● **EXERCISE GOAL**:
Whatever lies between the line with "Cd. Victoria, Tamaulipas.- En" and the end of the data, both included, must be copied exactly and without pictures.

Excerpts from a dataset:
+ + + +
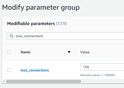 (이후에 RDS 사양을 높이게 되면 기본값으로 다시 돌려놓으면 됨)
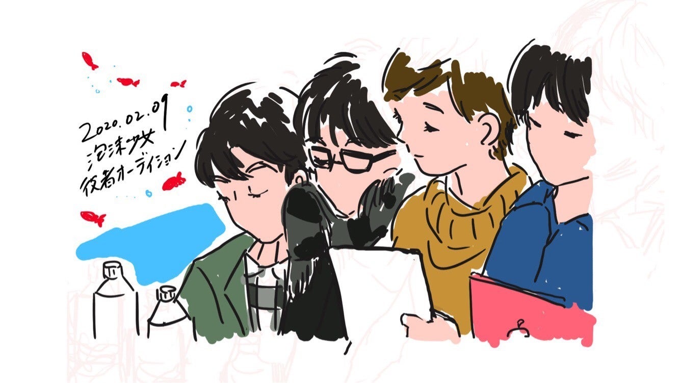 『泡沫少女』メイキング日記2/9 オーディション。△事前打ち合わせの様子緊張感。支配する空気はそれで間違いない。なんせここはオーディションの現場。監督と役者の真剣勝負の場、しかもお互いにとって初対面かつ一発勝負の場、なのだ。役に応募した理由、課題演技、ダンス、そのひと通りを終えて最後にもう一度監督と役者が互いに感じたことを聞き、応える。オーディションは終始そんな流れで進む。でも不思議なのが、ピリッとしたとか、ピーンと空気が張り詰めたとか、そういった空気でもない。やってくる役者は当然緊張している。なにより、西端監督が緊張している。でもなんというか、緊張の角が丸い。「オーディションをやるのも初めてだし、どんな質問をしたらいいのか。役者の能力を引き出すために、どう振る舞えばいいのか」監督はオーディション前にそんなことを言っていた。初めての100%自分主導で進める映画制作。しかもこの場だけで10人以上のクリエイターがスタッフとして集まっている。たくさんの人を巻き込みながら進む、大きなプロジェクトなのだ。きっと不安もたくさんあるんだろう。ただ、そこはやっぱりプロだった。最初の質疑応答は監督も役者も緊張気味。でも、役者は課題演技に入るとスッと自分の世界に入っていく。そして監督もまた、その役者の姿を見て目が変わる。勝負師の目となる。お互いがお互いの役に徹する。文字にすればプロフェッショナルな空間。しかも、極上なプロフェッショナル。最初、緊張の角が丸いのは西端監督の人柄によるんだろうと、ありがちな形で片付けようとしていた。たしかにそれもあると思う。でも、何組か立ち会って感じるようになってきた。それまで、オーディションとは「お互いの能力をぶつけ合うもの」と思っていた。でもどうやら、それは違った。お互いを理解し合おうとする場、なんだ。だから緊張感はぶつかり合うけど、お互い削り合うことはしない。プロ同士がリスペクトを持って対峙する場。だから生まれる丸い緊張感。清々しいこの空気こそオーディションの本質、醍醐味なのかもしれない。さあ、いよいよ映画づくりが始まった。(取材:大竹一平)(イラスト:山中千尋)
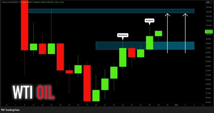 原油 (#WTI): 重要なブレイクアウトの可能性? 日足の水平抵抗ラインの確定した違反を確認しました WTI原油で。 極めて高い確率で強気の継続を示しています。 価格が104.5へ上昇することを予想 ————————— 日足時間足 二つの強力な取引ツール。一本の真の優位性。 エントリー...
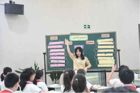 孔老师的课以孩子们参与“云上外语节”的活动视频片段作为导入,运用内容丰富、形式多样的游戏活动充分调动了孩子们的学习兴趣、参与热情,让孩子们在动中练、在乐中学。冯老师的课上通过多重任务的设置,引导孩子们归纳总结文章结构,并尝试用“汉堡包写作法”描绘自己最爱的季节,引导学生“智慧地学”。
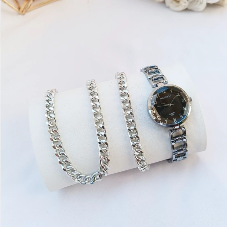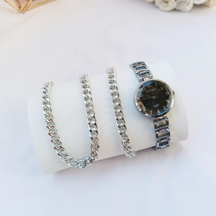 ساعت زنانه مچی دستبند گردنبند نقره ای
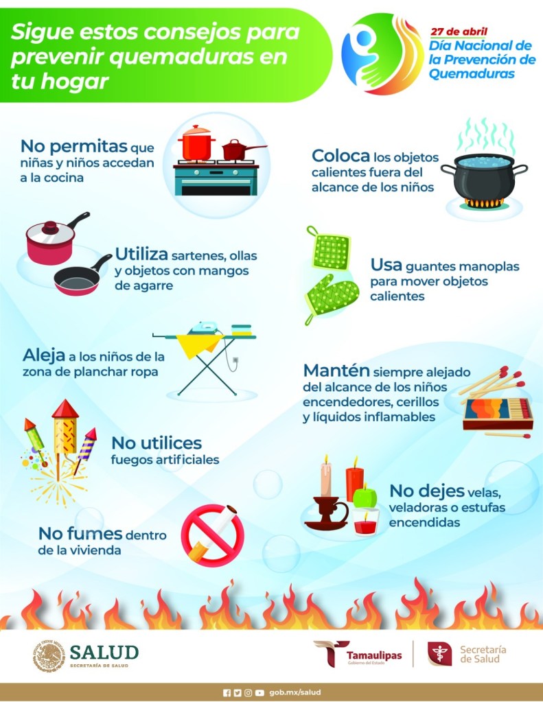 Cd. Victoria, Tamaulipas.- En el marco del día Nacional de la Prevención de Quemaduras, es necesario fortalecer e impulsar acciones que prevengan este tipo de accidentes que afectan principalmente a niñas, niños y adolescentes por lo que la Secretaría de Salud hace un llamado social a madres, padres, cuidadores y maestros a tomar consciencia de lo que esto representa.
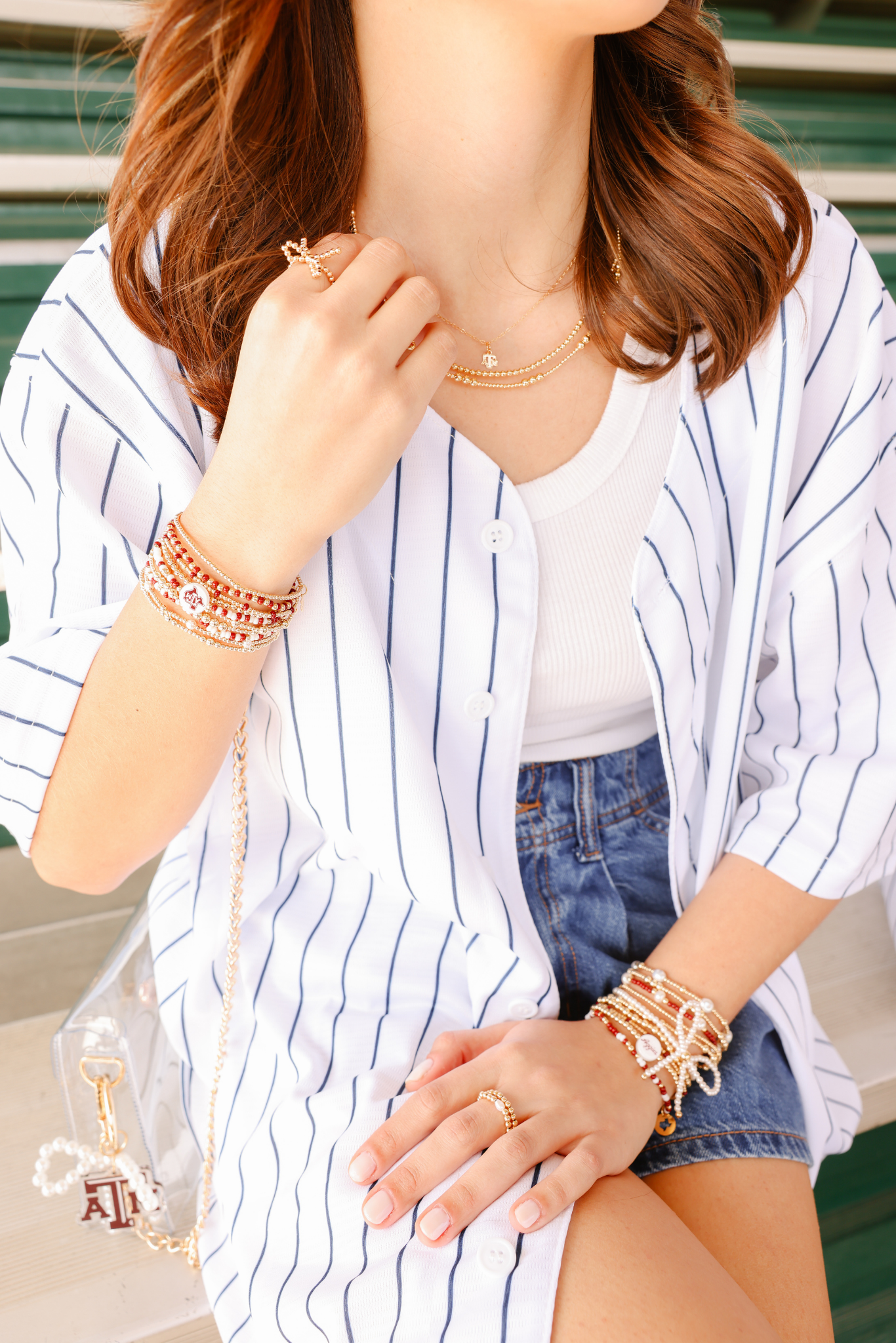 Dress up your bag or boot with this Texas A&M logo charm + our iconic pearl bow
+ + + +
● **ANSWER SPACE**:
 Cd. Victoria, Tamaulipas.- En el marco del día Nacional de la Prevención de Quemaduras, es necesario fortalecer e impulsar acciones que prevengan este tipo de accidentes que afectan principalmente a niñas, niños y adolescentes por lo que la Secretaría de Salud hace un llamado social a madres, padres, cuidadores y maestros a tomar consciencia de lo que esto representa.
 Dress up your bag or boot with this Texas A&M logo charm + our iconic pearl bow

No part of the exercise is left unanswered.